Promising designs of gas analyzers for metallurgy

Introduction

In industrial zones of metallurgical enterprises, the concentration of carbon monoxide in the ambient air often exceeds permissible limits, posing serious risks to both employee health and the environment. To monitor air quality, gas analyzers are utilized; these devices rely on the bulk and surface properties of their sensing elements, which ensure high sensitivity, rapid response, and selectivity. Timely detection of carbon monoxide in the workplace is critical for preventing accidents, minimizing environmental damage, and safeguarding personnel health.

Semiconductor materials are commonly used as sensing elements in gas analyzers due to their excellent adsorption properties [1]. Their sensitivity is primarily based on gas molecule adsorption at the surface, the formation of space-charge regions, and changes in the concentration of charge carriers in the near-surface layer. The efficiency of adsorption depends on the semiconductor’s structural type, the nature and concentration of active surface centers, and its specific surface area [2]. Gas detection occurs through changes in the electrical conductivity of the sensing element (sensor signal) upon exposure to the target gas [3]. Therefore, the choice of sensing material is a key factor in analyzer performance. One promising approach to enhancing the adsorption capacity of binary materials involves the synthesis of diamond-like semiconductors to produce novel multicomponent materials in the form of solid solutions.

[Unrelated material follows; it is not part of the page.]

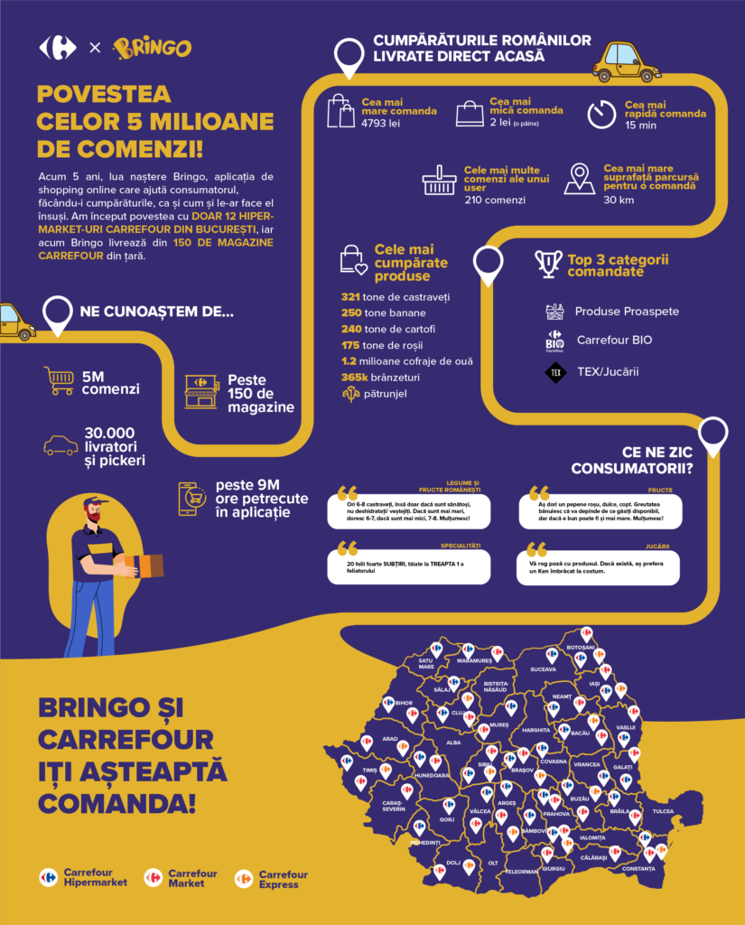 După 5 ani de colaborare și prezență pe piața e-commerce din România, Carrefour și Bringo sărbătoresc 5 milioane de comenzi plasate în aplicație. Acestea se traduc, mai departe, în peste 10 milioane de accesări și 750.000 de mesaje lăsate în aplicație de utilizatori pentru echipele de livratori Bringo și pickeri Carrefour, care îndeplinesc rolul unor „personal shopperi”. În topul produselor comandate de la cele peste 150 de magazine Carrefour integrate în aplicație în toate formatele – Hipermarket, Market, Express și Supeco – se numără apa îmbuteliată, castraveții, bananele, dar și pătrunjelul românesc, demonstrând interesul consumatorilor pentru produse proaspete.

There is growing scientific and practical interest in investigating the previously unexplored physicochemical properties of ZnTe – CdSe solid solutions. These materials demonstrate favorable performance characteristics combined with low production costs, making them promising candidates for sensor applications [4]. Varying the component ratio in the ZnTe – CdSe system allows for the synthesis of solid solutions with tailored properties, enabling their use in a wide range of applications.

The aim of this study is to synthesize and characterize ZnTe – CdSe solid solutions and to determine potential areas of practical application based on their physicochemical properties.

To achieve this, the following objectives were set:

– to synthesize and characterize ZnTe  – CdSe solid solutions;

– to investigate the physicochemical surface properties of the system components;

– to evaluate the application potential of the resulting materials in sensor technology as a cost-effective alternative.

Materials and methods

The study investigated fine powders of the binary compounds ZnTe and CdSe, along with their solid solutions (ZnTe)_x(CdSe)_1 – x, synthesized using a method specifically developed for this material system [5]. The powders had specific surface areas ranging from 0.3 to 0.91 m²/g. Confirmation of successful synthesis, formation of solid solutions, and structural characteristics was carried out through X-ray diffraction (XRD), optical and electron microscopy, and infrared (IR) spectroscopy. The molar compositions of the synthesized solid solutions were verified against elemental compositions derived from scanning electron microscopy (SEM) images.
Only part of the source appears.